■ Exercise goal
Retype the whole listing, please, keeping every line exact and dropping the pictures.

■ Raw data
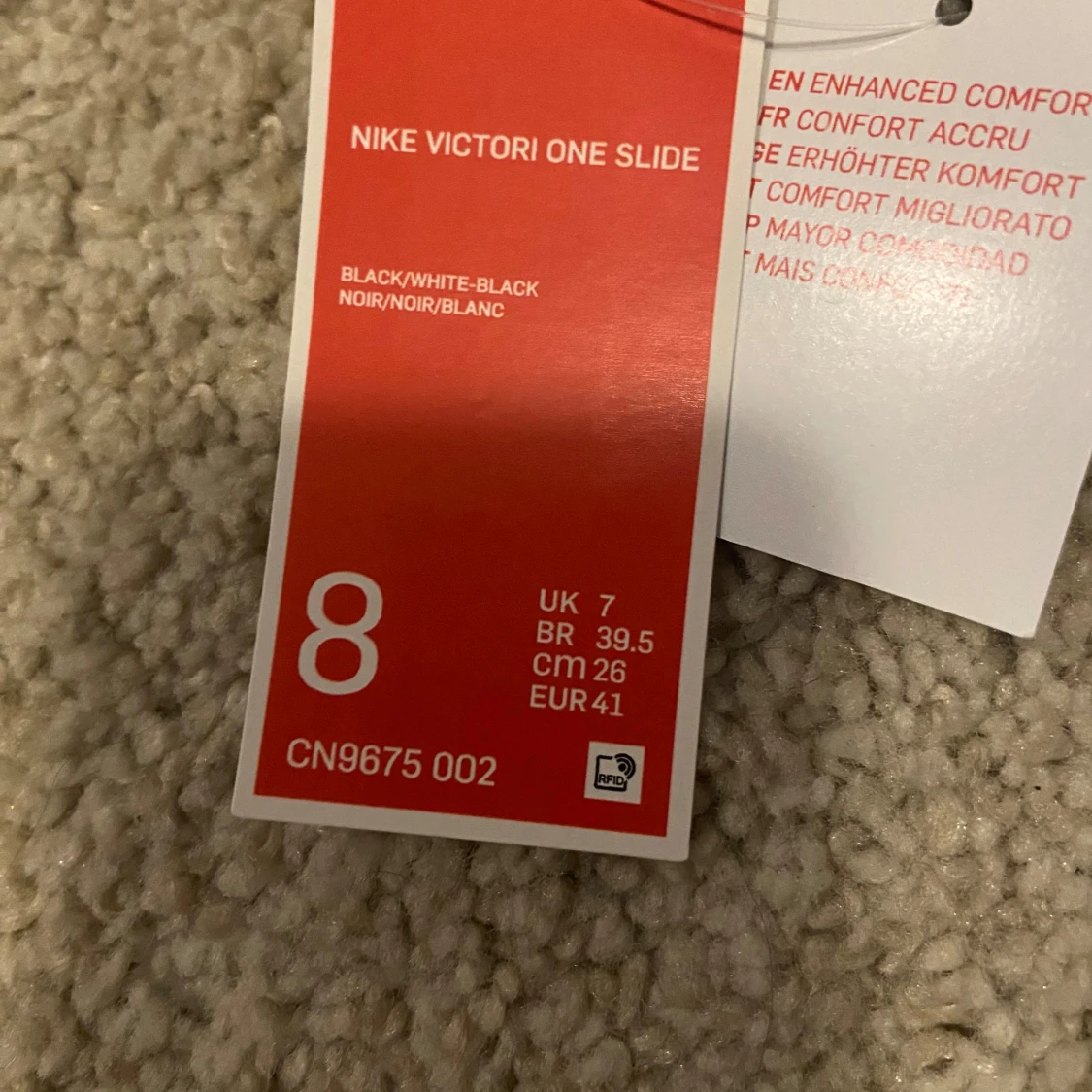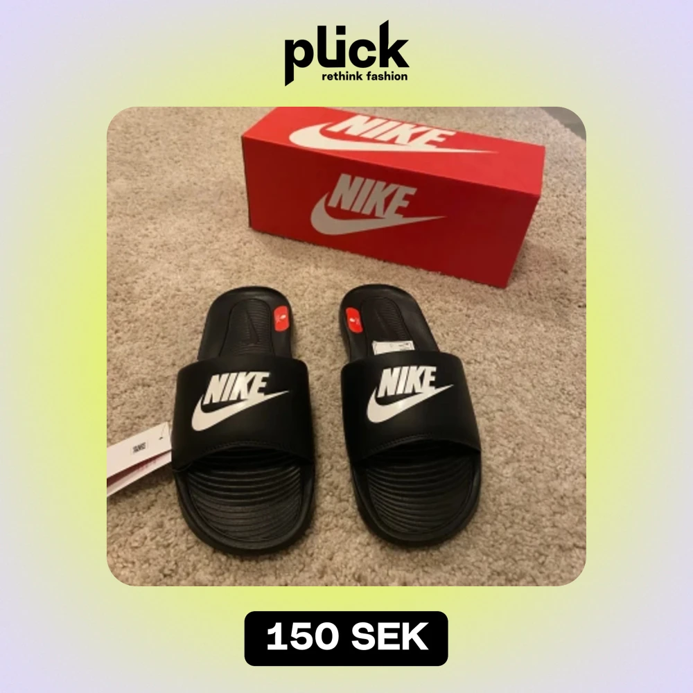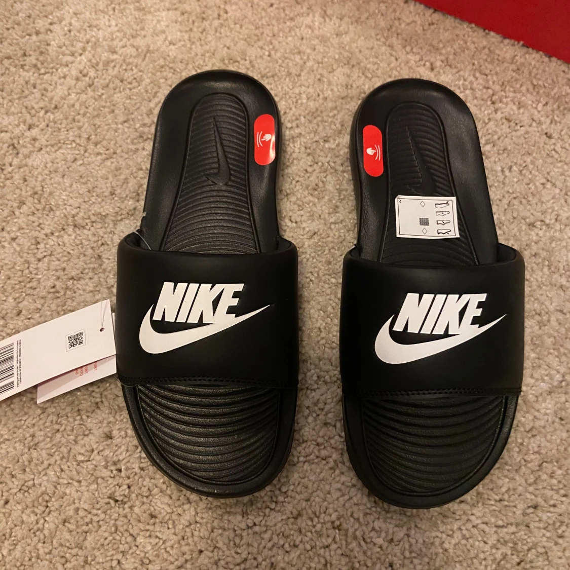 Svarta Nike Victori One Slide tofflor. Helt oanvända! nypris ligger på 379kr. För fler frågor eller bilder skriv🙌
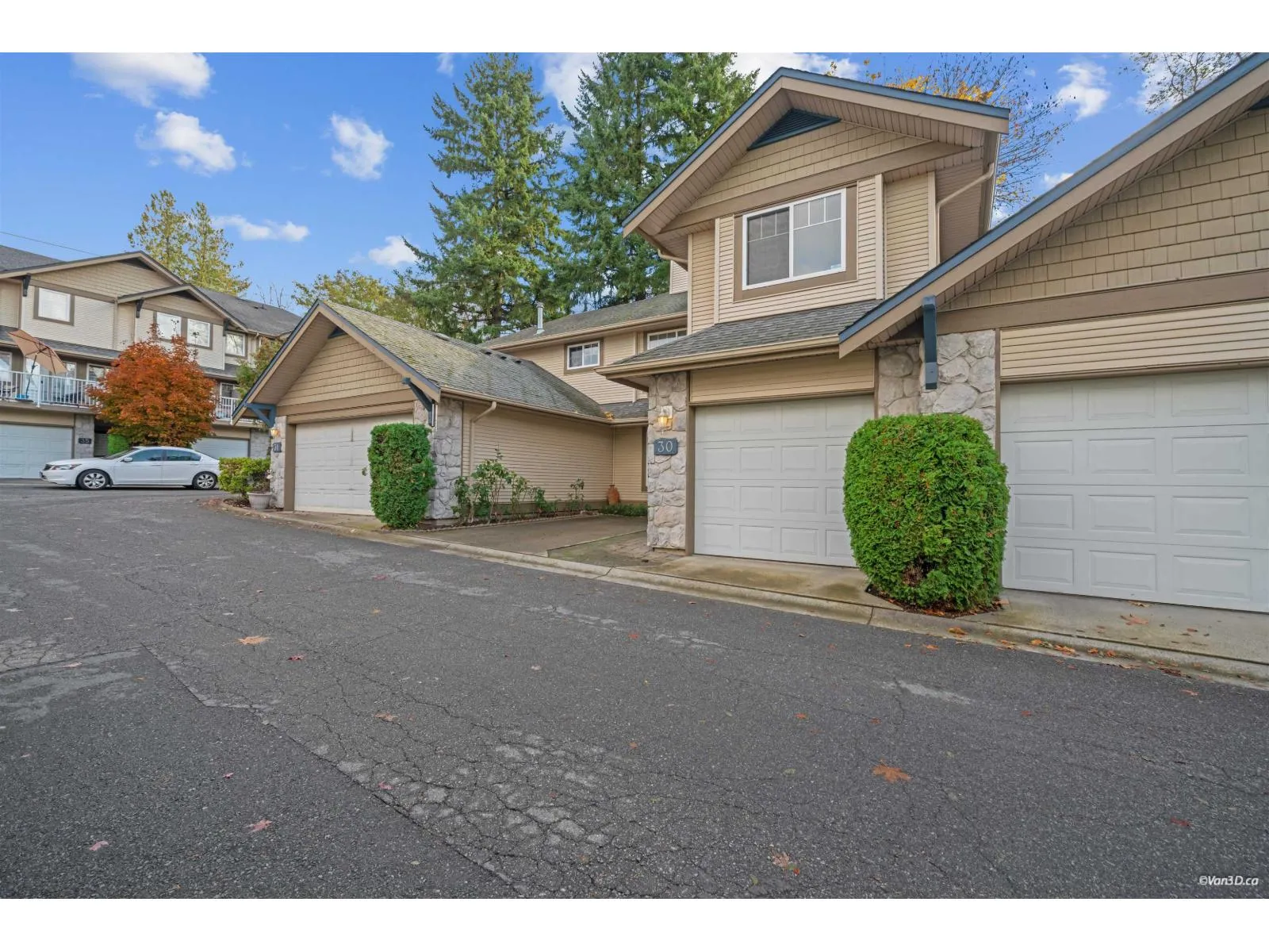 PRICED TO SELL! Don't miss this incredible opportunity at Carlingwood, a sought-after gated community in the heart of Fleetwood. This spacious 3-bedroom, 3-bath townhouse is your blank canvas-ready for your decorating ideas! The moment you walk in, the soaring high ceilings in the living room create an airy, elegant feel that sets this home apart. The main floor features a formal dining area, powder room, and a bright south-facing L-shaped kitchen with plenty of counter space, seamlessly connected to the cozy family room and patio access. Upstairs offers three generous bedrooms, including a primary suite with walk-in closet and private ensuite. Maintenance fee includes sewer, water, and garbage collection. Private showings only-book your appointment today! (id:27476)
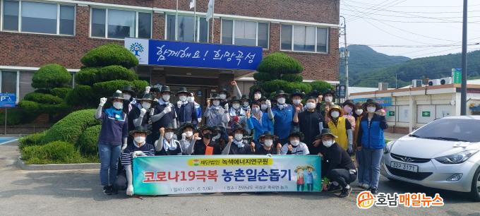 À̸¥ ¾ÆÄ§ºÎÅÍ ½ÃÀÛµÈ ÀÚ¿øºÀ»ç Ȱµ¿¿¡´Â ³ì»ö¿¡³ÊÁö¿¬±¸¿ø ÀÚ¿øºÀ»çÀÚ 38¸íÀÌ Âü°¡Çß´Ù. Àü¶ó³²µµÀÚ¿øºÀ»ç¼¾ÅÍÀåÀ» ºñ·ÔÇÑ Âü¿© Á÷¿øµéÀº Á÷Á¢ ³ó°¡¸¦ ¹æ¹®ÇØ ÀϼÕÀ» µµ¿ì¸ç ±¸½½¶¡À» Èê·È´Ù.

■ Exercise result
 Svarta Nike Victori One Slide tofflor. Helt oanvända! nypris ligger på 379kr. För fler frågor eller bilder skriv🙌
 PRICED TO SELL! Don't miss this incredible opportunity at Carlingwood, a sought-after gated community in the heart of Fleetwood. This spacious 3-bedroom, 3-bath townhouse is your blank canvas-ready for your decorating ideas! The moment you walk in, the soaring high ceilings in the living room create an airy, elegant feel that sets this home apart. The main floor features a formal dining area, powder room, and a bright south-facing L-shaped kitchen with plenty of counter space, seamlessly connected to the cozy family room and patio access. Upstairs offers three generous bedrooms, including a primary suite with walk-in closet and private ensuite. Maintenance fee includes sewer, water, and garbage collection. Private showings only-book your appointment today! (id:27476)
 À̸¥ ¾ÆÄ§ºÎÅÍ ½ÃÀÛµÈ ÀÚ¿øºÀ»ç Ȱµ¿¿¡´Â ³ì»ö¿¡³ÊÁö¿¬±¸¿ø ÀÚ¿øºÀ»çÀÚ 38¸íÀÌ Âü°¡Çß´Ù. Àü¶ó³²µµÀÚ¿øºÀ»ç¼¾ÅÍÀåÀ» ºñ·ÔÇÑ Âü¿© Á÷¿øµéÀº Á÷Á¢ ³ó°¡¸¦ ¹æ¹®ÇØ ÀϼÕÀ» µµ¿ì¸ç ±¸½½¶¡À» Èê·È´Ù.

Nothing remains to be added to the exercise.